§ TASK DESCRIPTION
Please tally how many lines of the material below include the word "with", giving only the number.

===============

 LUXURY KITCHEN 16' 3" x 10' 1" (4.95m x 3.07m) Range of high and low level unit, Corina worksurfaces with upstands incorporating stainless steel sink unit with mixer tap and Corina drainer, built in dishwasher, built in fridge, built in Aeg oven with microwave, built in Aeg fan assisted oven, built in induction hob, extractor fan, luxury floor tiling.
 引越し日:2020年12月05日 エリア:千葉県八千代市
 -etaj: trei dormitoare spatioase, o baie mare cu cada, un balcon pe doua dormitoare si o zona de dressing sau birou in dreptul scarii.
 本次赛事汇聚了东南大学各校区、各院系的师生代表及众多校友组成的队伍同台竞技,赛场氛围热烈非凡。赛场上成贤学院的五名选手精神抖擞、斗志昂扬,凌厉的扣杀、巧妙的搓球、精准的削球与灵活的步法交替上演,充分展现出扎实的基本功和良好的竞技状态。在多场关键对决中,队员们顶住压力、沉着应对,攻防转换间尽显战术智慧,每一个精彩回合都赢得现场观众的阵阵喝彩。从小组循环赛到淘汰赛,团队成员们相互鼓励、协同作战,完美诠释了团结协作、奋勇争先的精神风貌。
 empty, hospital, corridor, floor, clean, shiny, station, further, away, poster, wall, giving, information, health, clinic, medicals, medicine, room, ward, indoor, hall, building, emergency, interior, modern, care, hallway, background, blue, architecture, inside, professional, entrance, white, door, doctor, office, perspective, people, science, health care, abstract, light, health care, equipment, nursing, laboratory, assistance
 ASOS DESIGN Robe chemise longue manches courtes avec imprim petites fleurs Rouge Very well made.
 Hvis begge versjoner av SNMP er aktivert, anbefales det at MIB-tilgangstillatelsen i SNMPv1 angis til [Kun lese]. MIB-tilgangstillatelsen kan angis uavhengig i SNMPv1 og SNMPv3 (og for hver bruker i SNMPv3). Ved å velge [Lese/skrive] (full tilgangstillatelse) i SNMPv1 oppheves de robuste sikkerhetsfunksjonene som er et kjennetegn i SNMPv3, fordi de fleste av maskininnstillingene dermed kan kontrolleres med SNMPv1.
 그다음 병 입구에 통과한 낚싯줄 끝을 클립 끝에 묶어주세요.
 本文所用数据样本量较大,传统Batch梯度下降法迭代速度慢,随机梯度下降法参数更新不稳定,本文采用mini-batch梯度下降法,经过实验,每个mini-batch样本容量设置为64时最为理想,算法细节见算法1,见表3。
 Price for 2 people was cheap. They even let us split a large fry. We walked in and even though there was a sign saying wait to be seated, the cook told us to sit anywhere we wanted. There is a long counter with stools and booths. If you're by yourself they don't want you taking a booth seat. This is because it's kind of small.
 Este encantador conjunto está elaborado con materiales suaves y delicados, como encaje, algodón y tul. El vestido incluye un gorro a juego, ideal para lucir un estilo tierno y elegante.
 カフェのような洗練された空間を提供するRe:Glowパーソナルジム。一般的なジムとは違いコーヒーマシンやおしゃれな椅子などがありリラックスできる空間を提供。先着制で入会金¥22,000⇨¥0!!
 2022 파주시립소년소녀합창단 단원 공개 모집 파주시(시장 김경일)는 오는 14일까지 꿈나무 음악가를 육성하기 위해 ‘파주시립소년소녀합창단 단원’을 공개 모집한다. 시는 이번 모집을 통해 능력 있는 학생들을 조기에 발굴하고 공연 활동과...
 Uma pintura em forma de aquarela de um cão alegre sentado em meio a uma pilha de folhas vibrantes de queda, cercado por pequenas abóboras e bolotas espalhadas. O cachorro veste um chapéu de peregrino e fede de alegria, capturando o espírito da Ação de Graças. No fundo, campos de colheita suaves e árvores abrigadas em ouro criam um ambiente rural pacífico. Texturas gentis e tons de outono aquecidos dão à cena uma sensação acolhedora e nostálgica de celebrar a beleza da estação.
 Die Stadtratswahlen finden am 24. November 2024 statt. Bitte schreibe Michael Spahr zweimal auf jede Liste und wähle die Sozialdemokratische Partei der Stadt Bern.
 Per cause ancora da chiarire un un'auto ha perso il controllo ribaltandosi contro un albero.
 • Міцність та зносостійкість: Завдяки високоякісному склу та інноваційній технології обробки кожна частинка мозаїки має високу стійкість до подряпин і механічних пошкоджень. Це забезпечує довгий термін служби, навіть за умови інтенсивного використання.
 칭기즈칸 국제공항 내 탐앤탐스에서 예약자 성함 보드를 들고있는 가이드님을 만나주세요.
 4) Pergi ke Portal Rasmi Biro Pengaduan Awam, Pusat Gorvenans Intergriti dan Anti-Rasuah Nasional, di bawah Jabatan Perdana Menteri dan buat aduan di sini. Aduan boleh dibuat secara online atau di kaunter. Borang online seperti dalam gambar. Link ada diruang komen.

===============

§ EXPECTED OUTPUT
2